Réversibilité et portabilité des données dans un contrat cloud
La réversibilité reste le point faible de la plupart des contrats informatiques. Le Data Act, applicable depuis septembre 2025, modifie la donne en imposant aux fournisseurs cloud de faciliter le changement de prestataire.
- Le contrat doit prévoir un délai de transition maximal pendant lequel le prestataire maintient l’accès aux données après résiliation, avec un format d’export documenté et exploitable.
- Les frais de transfert de données doivent être encadrés : le Data Act prévoit leur suppression progressive, ce qui signifie qu’un contrat signé aujourd’hui ne peut plus imposer de pénalités financières pour migration sortante.
- Le prestataire doit garantir la suppression effective des données après migration, avec un certificat de destruction ou une preuve technique vérifiable.
- Le plan de réversibilité doit inclure un calendrier, des formats standards et un interlocuteur technique dédié chez le prestataire.
Un contrat qui ne prévoit aucune clause de réversibilité crée une dépendance technique. Le coût de migration augmente avec le temps, et la négociation devient défavorable au client une fois les données transférées.

Droits d’audit et vérification des engagements de sécurité
Vérifier les clauses avant signature ne suffit pas si le contrat ne prévoit aucun mécanisme de contrôle ultérieur. Le droit d’audit permet au client (ou à un tiers mandaté) d’inspecter les mesures de sécurité réellement mises en place par le prestataire.

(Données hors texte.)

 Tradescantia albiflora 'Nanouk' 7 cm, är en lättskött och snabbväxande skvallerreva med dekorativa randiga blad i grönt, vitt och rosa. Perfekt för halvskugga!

DORA rend ce droit obligatoire pour les contrats du secteur financier, mais tout contrat informatique devrait prévoir un audit annuel couvrant au minimum la gestion des accès, le chiffrement des données au repos et en transit, et la conformité des sauvegardes. Le contrat doit préciser qui supporte le coût de l’audit, le préavis requis et les conséquences d’une non-conformité constatée.

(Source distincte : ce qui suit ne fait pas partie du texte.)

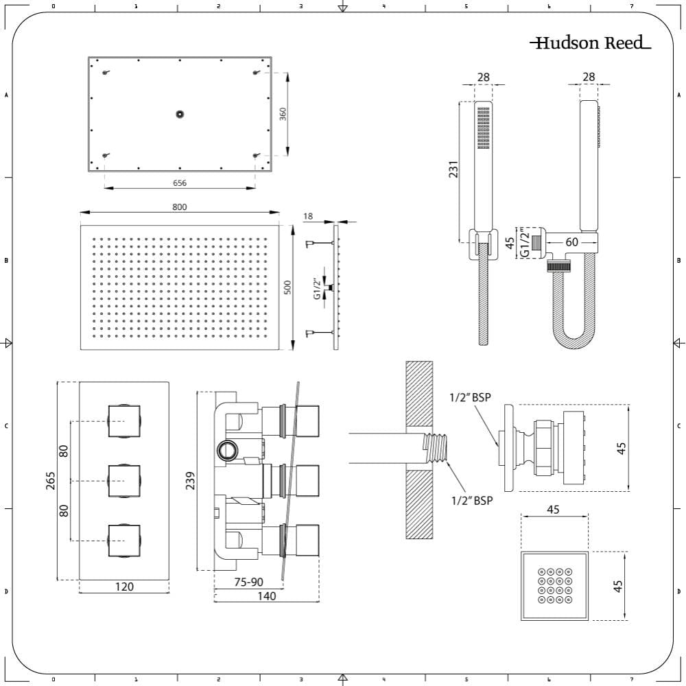 Goditi un'esperienza rilassante simile a una spa con la doccia termostatica Kubix, completa di miscelatore triplo, soffione 800 mm x 500 mm, doccetta e quattro getti corpo.

Un prestataire qui refuse toute clause d’audit ou qui la conditionne à un accord préalable discrétionnaire envoie un signal de fragilité. La transparence sur les pratiques de sécurité est un indicateur fiable de maturité technique.

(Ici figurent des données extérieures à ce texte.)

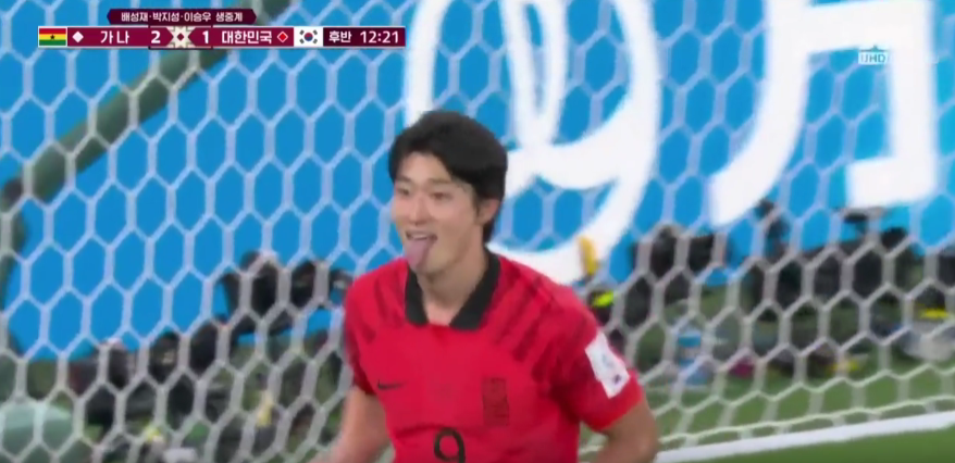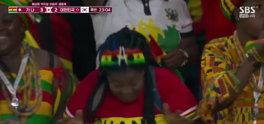 하지만 가나의 쿠두스 선수가 크로스를 골로 만들었고, 대한민국 가나는 2:3이 되었습니다.

La multiplication des textes européens transforme la vérification précontractuelle en exercice juridique et technique. Un contrat informatique qui n’intègre pas explicitement les obligations RGPD, NIS2, Data Act et, le cas échéant, DORA, laisse des zones grises que seul un incident révélera. La lecture attentive des clauses de localisation, de notification, de sous-traitance, de réversibilité et d’audit constitue le socle minimal avant toute signature.